■ **Exercise instructions**:
Only the lines from the beginning of the entries through the one with "Baltic Mosaic Amber" should be written out, please, exactly and without any pictures.

------------

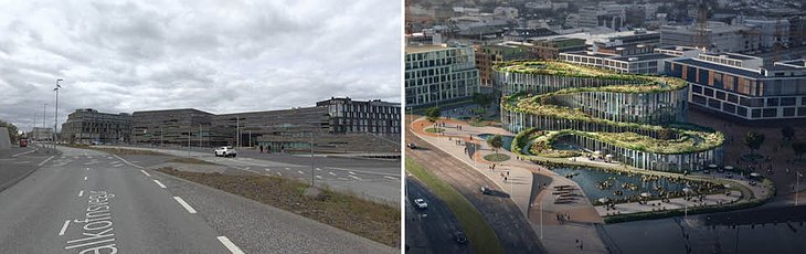 Í miðbænum sem flestir þekkja eru líka teknar ákvarðanir sem skipta okkur máli. Á einum mikilvægasta reit borgarinnar, sem er gegnt Arnarhóli og við hliðina á Hörpu, var tekin ákvörðun um byggingu fyrir nokkrum árum. Til vinstri er gráa ákvörðunin af húsinu sem var byggt, Hús Landsbankans á Reykjastræti frá ja.is, og til hægri er sami staður með grænu ákvörðuninni sem var ekki tekin, en það var tillaga að nýbyggingu sem ekki bar sigur úr býtum, frá arkitektum frá Bjarke Ingels Group í Danmörku ásamt Arkíteó, DLD og Andra Snæ Magnasyni. Andri Snær hefur gagnrýnt slíkar ákvarðanir og með nýrri bók sinni, Jötunsteini, opnar hann inn á heita umræðu um fegurð í borg sem virðist vera hverfandi. Áberandi munur á milli þessara tveggja mynda er að grátt steypuumhverfið ríkir í borgarmyndinni en græna lífið er hvergi.
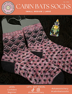 The Cabin Bats Sock Pattern is designed to match perfectly with our Cabin Bats Quilt Pattern. The Cabin Bats sock pattern is a beginner friendly color-work sock pattern featuring adorable bats framed in a cabin like border with accents running through the foot of the sock. The sock is constructed with a ribbed cuff, shadow wrap heel, and decreased and grafted toe.
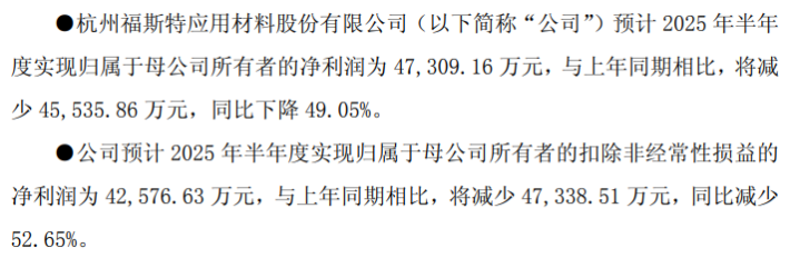 业绩预告显示,福斯特预计2025年上半年实现归母净利润4.73亿元,较上年同期将减少4.55亿元,同比下降49.05%;同期扣非后净利润4.26亿元,较上年同期将减少4.73亿元,同比减少52.65%。
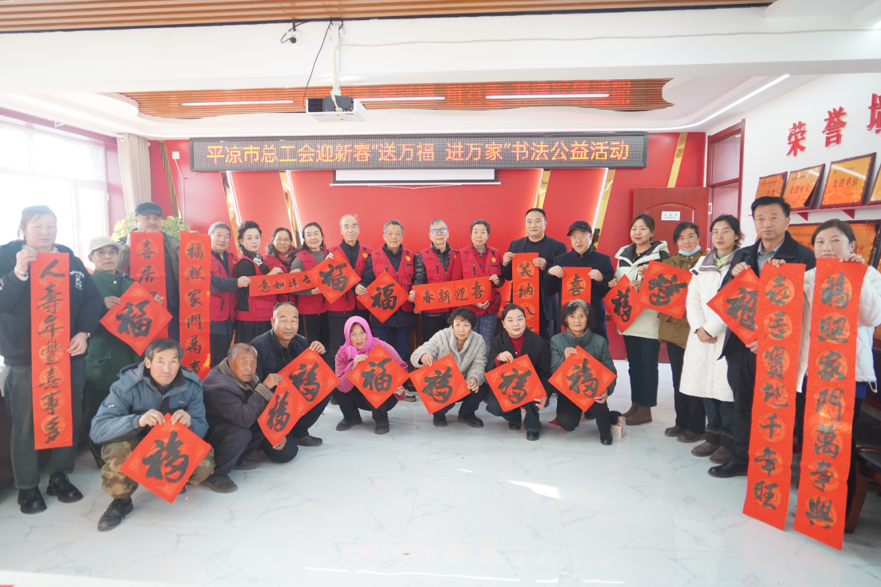 1月17日下午,甘肃平凉市崆峒区柳湖镇八里村职工书屋内,一场“送万福 进万家”义写春联赠送公益活动,拉开了2025年平凉市送温暖新春慰问活动的序幕。平凉市总工会邀请9位书法志愿者的书法老师书写春联和福字,为社区居民和环卫工人送上新春祝福。
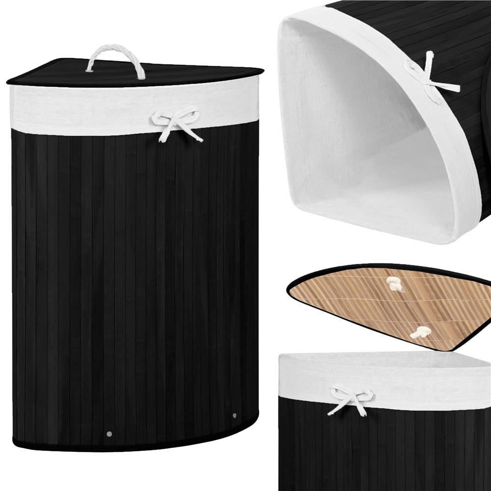 Cos rufe, de colt, bambus, negru, 73 L, 47x60 cm, Springos
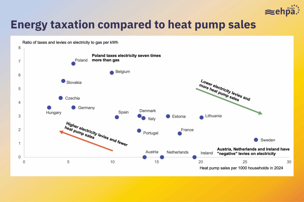 Eight of the 17 European countries examined by EHPA tax electricity at least three times more than gas, and all of them were among the smallest markets for heat pump sales in 2024 relative to their population (see graph).
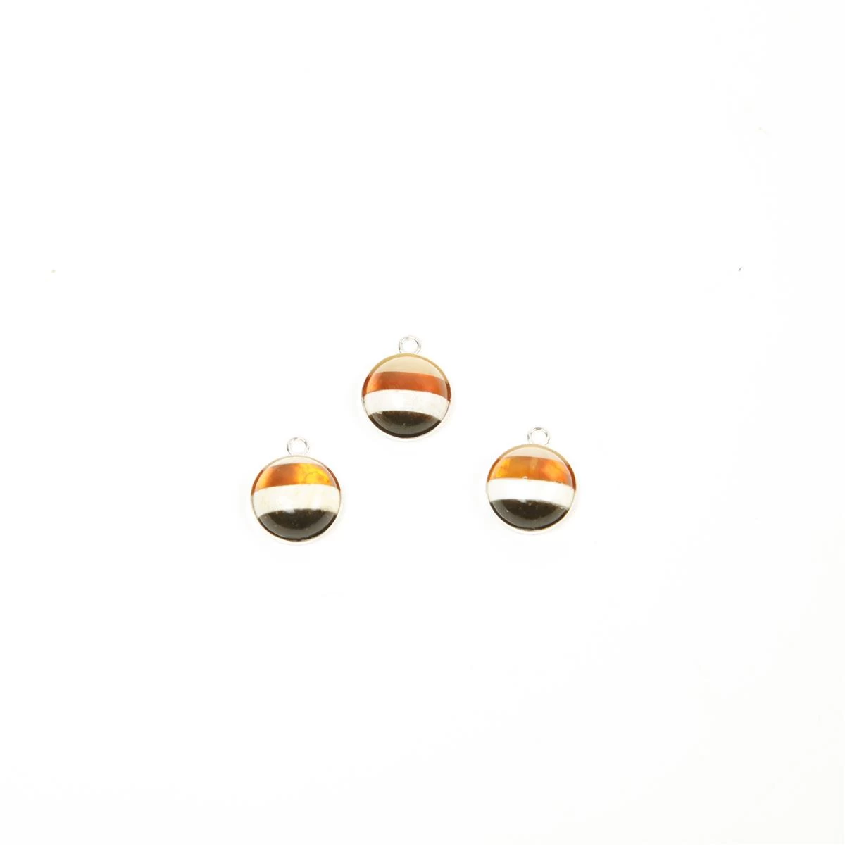 Baltic Mosaic Amber Round Cabochons With Sterling Silver Bezels, 12mm (3pk)
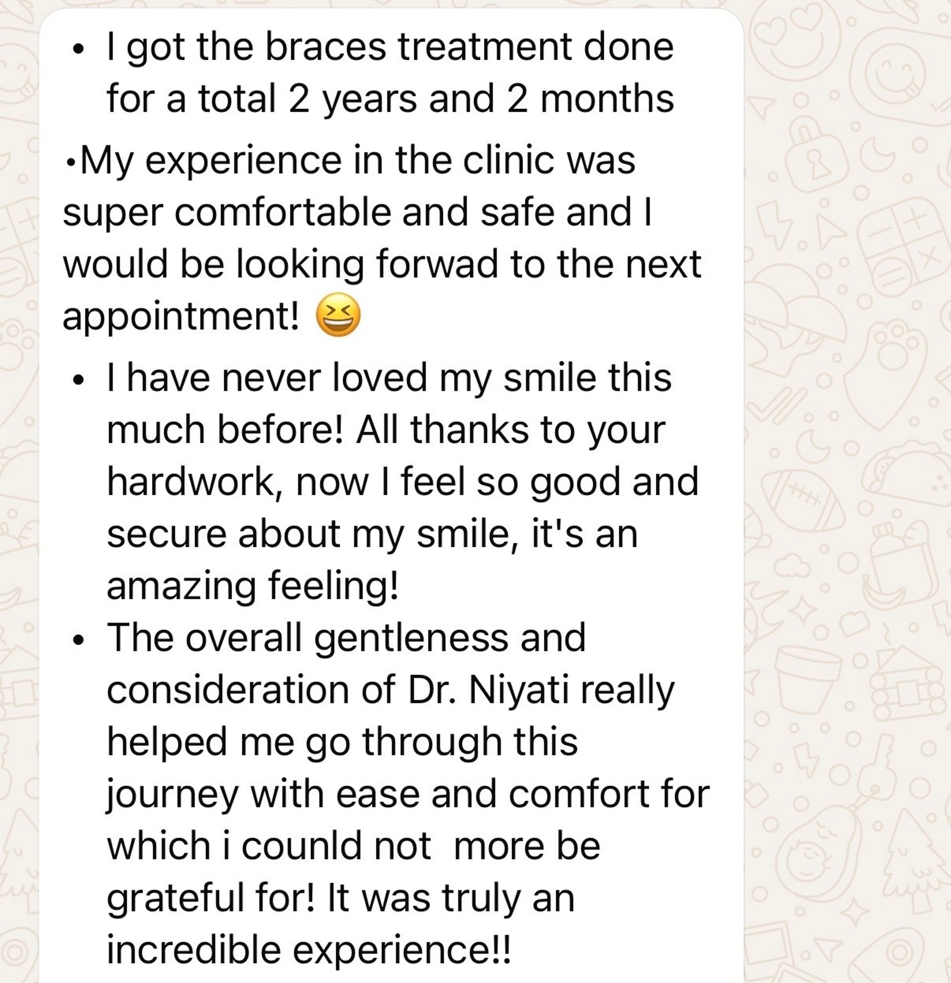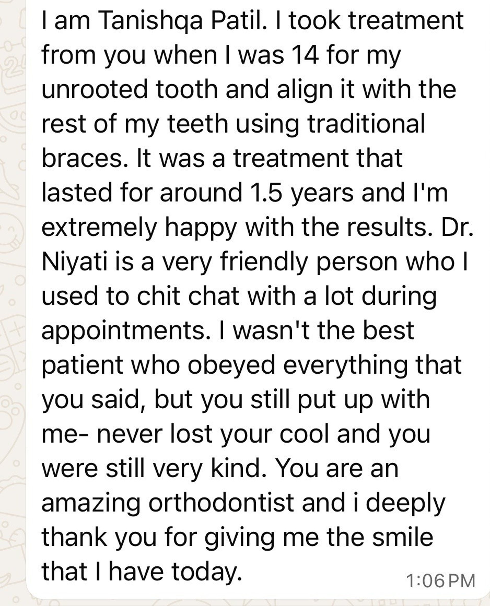 I initially started my treatment with braces and later switched to aligners as I was moving out of the city. My experience with braces was a bit tough mainly because of the food restrictions but once I moved to aligners, the process became really comfortable and easy to manage.I really appreciated the clear communication, smooth appointments, and the overall care throughout the treatment. I am loving my current smile and feel more confident about it.
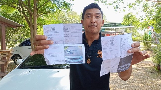 เจ้าของร้านป้ายไวนิลศรีราชาดังสุด งง ถูกใบสั่งขับรถเร็วส่งถึงบ้านขณะที่เจ้าตัวไม่เคยไปจังหวัดดังกล่าว เชื่อมิจฉาชีพสวมทะเบียนปลอม

------------

■ **Expected output**:
 Í miðbænum sem flestir þekkja eru líka teknar ákvarðanir sem skipta okkur máli. Á einum mikilvægasta reit borgarinnar, sem er gegnt Arnarhóli og við hliðina á Hörpu, var tekin ákvörðun um byggingu fyrir nokkrum árum. Til vinstri er gráa ákvörðunin af húsinu sem var byggt, Hús Landsbankans á Reykjastræti frá ja.is, og til hægri er sami staður með grænu ákvörðuninni sem var ekki tekin, en það var tillaga að nýbyggingu sem ekki bar sigur úr býtum, frá arkitektum frá Bjarke Ingels Group í Danmörku ásamt Arkíteó, DLD og Andra Snæ Magnasyni. Andri Snær hefur gagnrýnt slíkar ákvarðanir og með nýrri bók sinni, Jötunsteini, opnar hann inn á heita umræðu um fegurð í borg sem virðist vera hverfandi. Áberandi munur á milli þessara tveggja mynda er að grátt steypuumhverfið ríkir í borgarmyndinni en græna lífið er hvergi.
 The Cabin Bats Sock Pattern is designed to match perfectly with our Cabin Bats Quilt Pattern. The Cabin Bats sock pattern is a beginner friendly color-work sock pattern featuring adorable bats framed in a cabin like border with accents running through the foot of the sock. The sock is constructed with a ribbed cuff, shadow wrap heel, and decreased and grafted toe.
 业绩预告显示,福斯特预计2025年上半年实现归母净利润4.73亿元,较上年同期将减少4.55亿元,同比下降49.05%;同期扣非后净利润4.26亿元,较上年同期将减少4.73亿元,同比减少52.65%。
 1月17日下午,甘肃平凉市崆峒区柳湖镇八里村职工书屋内,一场“送万福 进万家”义写春联赠送公益活动,拉开了2025年平凉市送温暖新春慰问活动的序幕。平凉市总工会邀请9位书法志愿者的书法老师书写春联和福字,为社区居民和环卫工人送上新春祝福。
 Cos rufe, de colt, bambus, negru, 73 L, 47x60 cm, Springos
 Eight of the 17 European countries examined by EHPA tax electricity at least three times more than gas, and all of them were among the smallest markets for heat pump sales in 2024 relative to their population (see graph).
 Baltic Mosaic Amber Round Cabochons With Sterling Silver Bezels, 12mm (3pk)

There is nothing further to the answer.